FTC Hears Debate About Whether Privacy Polices Can Work


Source: MediaPost
Author: Wendy Davis
Location:
FTC Conference Center, 601 New Jersey Avenue, NW, Washington, DC, 20001, United States

You might not expect consumer advocates to laud a major bank these days, but Chase has done at least one thing that privacy expert Chris Hoofnagle finds praiseworthy: The company came up with a clear way to inform checking account customers that they will lose their overdraft protection unless they opt in.

Speaking at the Federal Trade Commission's roundtable discussion about online privacy, Hoofnagle, a lecturer at the UC Berkeley law school, noted that Chase's document includes passages in red ink that tell consumers in no uncertain terms that debit card transactions will be denied if they don't have money in their account, unless they sign up for overdraft protection. "We don't see privacy notices that say anything that clearly or that urgently," Hoofnagle said.
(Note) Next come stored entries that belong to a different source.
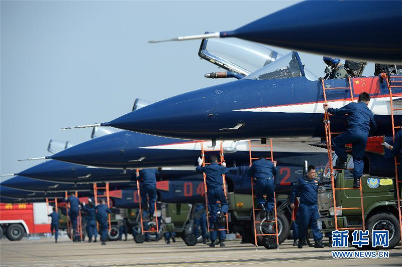 | Das Bayi-Kunstflugteam der chinesischen Luftwaffe beim Trainingsflug |
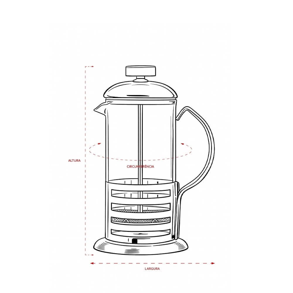 - Tampa: Com êmbolo e tela em inox para filtragem do café
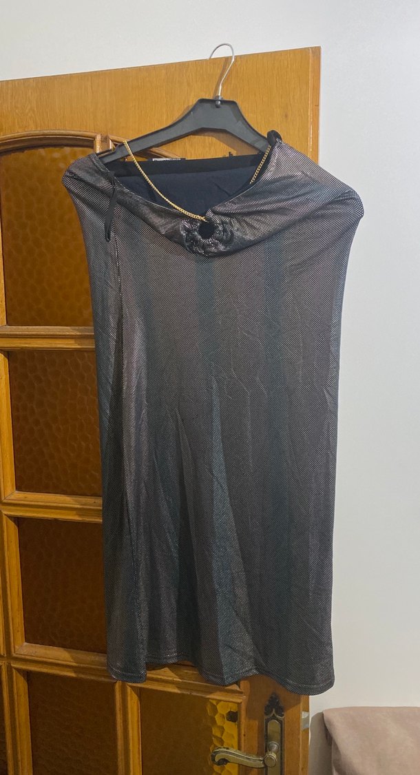 Gri renkte, likra kumaştan, drapeli ve bol kesim uzun elbise, Gotik tarzıyla uyumlu, abiye elbise
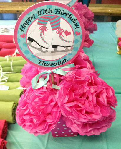 Colorful winter scarves for the girls were also neatly tied with a thank you favor tag! “Thank you for skating and twirling with me! Love, Thuraiya!”
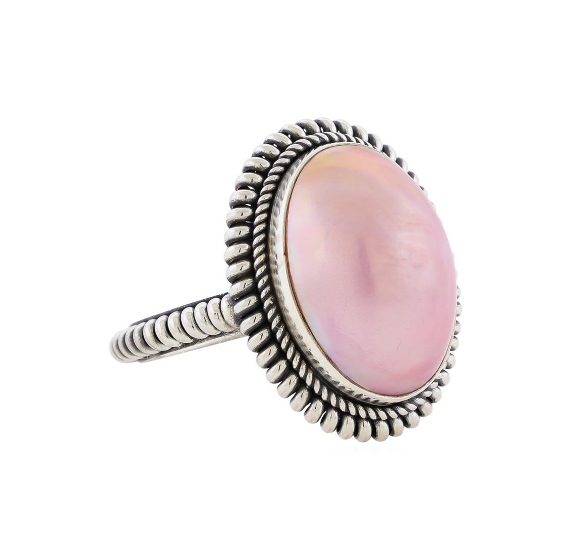 One of a kind high fashion sterling silver Ring weighing 4.8 grams. Containing: Dyed Pink Mabe Pearl. This sterling silver promises a lasting shine.
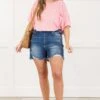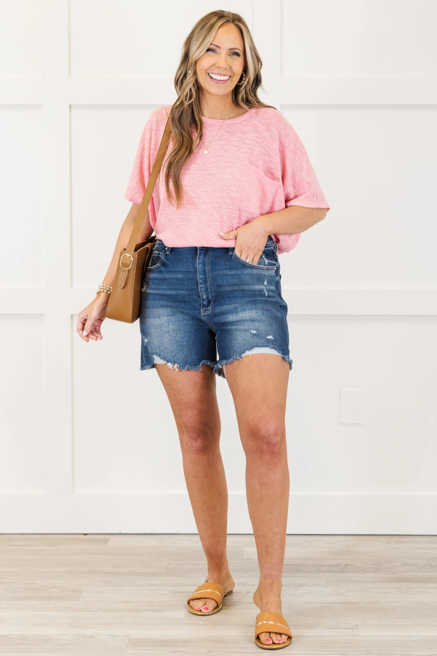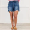 Rock a trendy look with these Lunch In The City Shorts! The dark wash and distressed design add an edgy flair, while the frayed hemline gives off a playful vibe! These shorts are so comfy, you’ll never want to take them off! Perfect for any adventure!
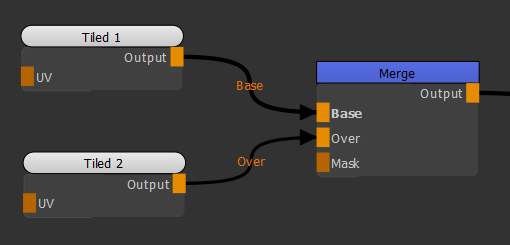 | 1. | 2つ作成Tiledノードに接続し、 BaseそしてOverの入力Mergeノード。 |
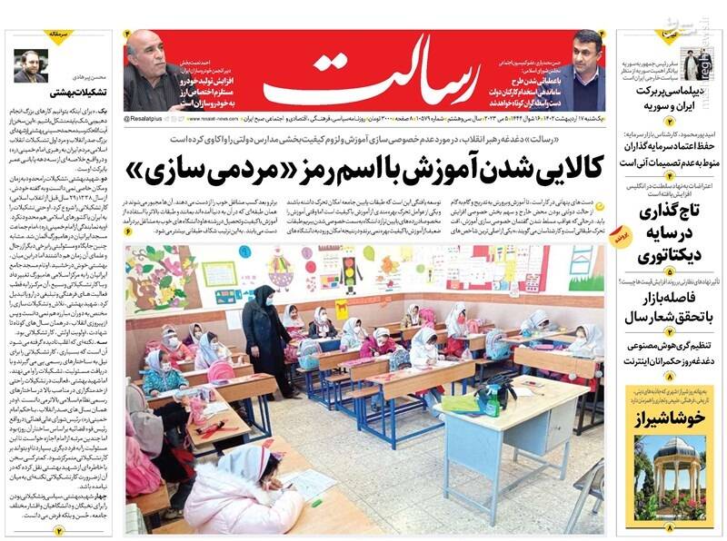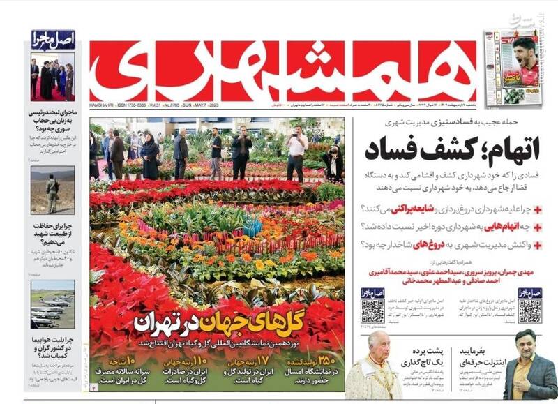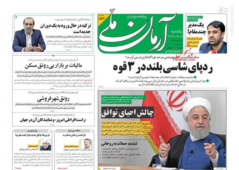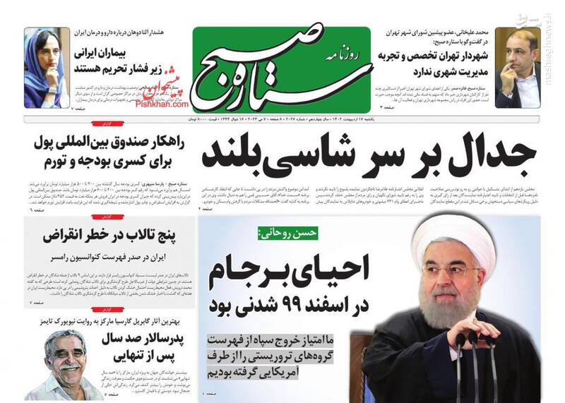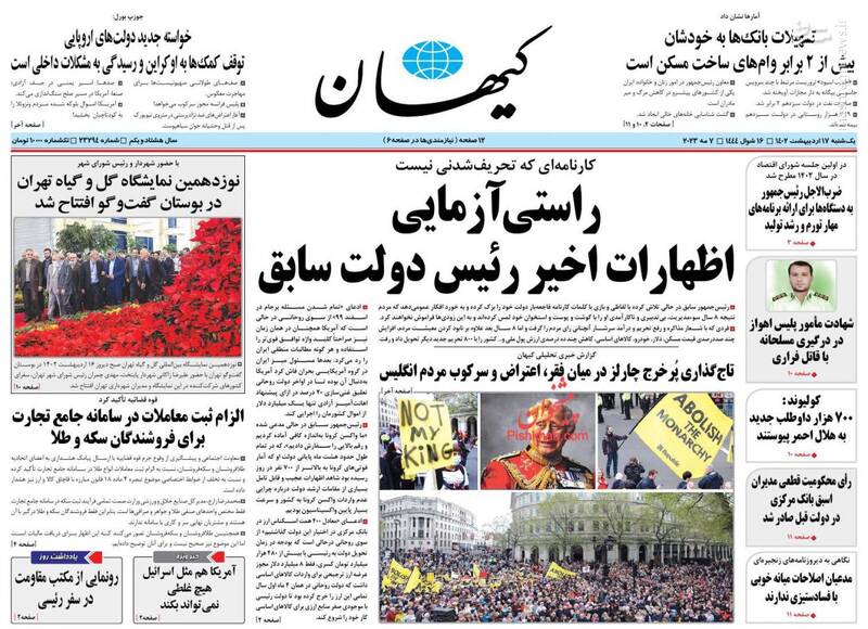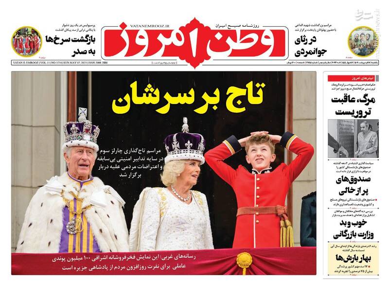 صفحه اول روزنامههای یکشنبه ۱۷ اردیبهشت ۱۴۰۲
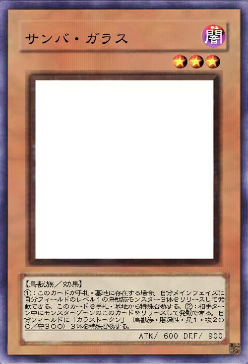 | ①:このカードが手札・墓地に存在する場合、自分メインフェイズに自分フィールドのレベル1の鳥獣族モンスター3体をリリースして発動できる。このカードを手札・墓地から特殊召喚する。②:相手ターン中にモンスターゾーンのこのカードをリリースして発動できる。自分フィールドに「カラストークン」(鳥獣族・闇属性・星1・攻200/守300)3体を特殊召喚する。 | |||
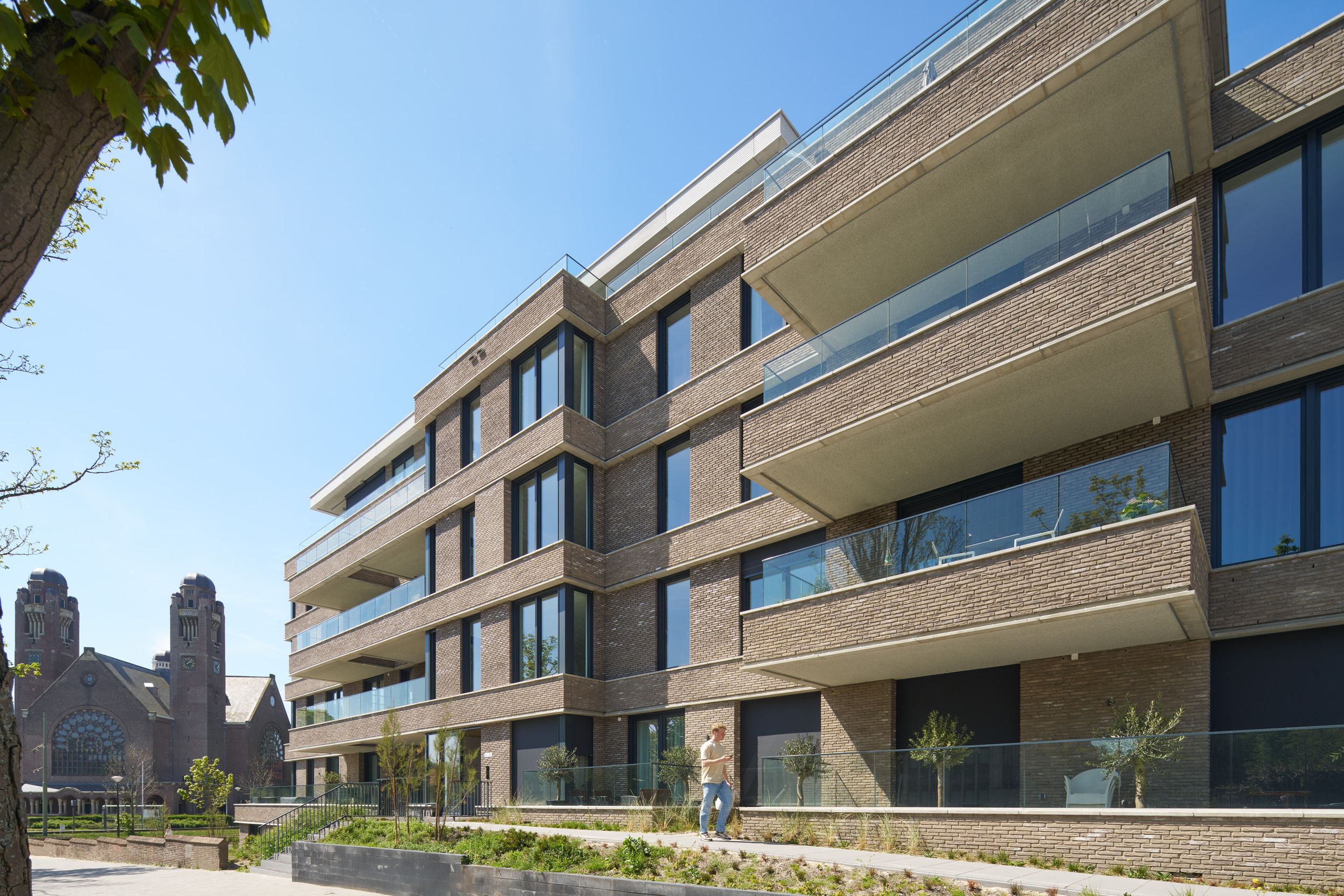Op de kruising van de Nieuwe Duinweg en de Nieuwe Parklaan is een woonproject gerealiseerd: 29 luxe appartementen in een gebouw dat gedeeltelijk hergebruikt is van het voormalige kantoor op Nieuwe Duinweg 24. Alleen het betonnen casco is behouden, terwijl de gevels, wanden, balkons en het dak compleet vernieuwd zijn. Het ontwerp van Kraaijvanger Architects is geïnspireerd op historische architectuur uit het begin van de 20e eeuw, met zachte grijze baksteen, horizontale betonbanden en royale buitenruimtes per woning. Elk appartement heeft een tuinterras, balkon of dakterras en een weelderige, duinachtige tuin rondom. Ook duurzaam: energielabel A+, geen gas, bodemwarmte voor vloerverwarming en -koeling.
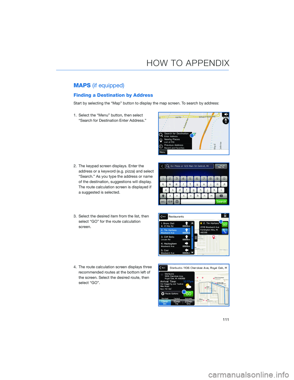 Start by selecting the “Map” button to display the map screen. To search by address:

Fred Cate, director of the Center for Applied Cybersecurity Research at Indiana University School of Law - Bloomington, was likewise critical, calling privacy policies "an unmitigated disaster." He proposed that once the FTC decided to enforce privacy policies as if they were contracts, any hope that such policies would communicate information was lost. That's because companies loaded up their policies with legalese-ridden terms that were aimed more at avoiding liability than at explaining to Web users how their data was being collected and used.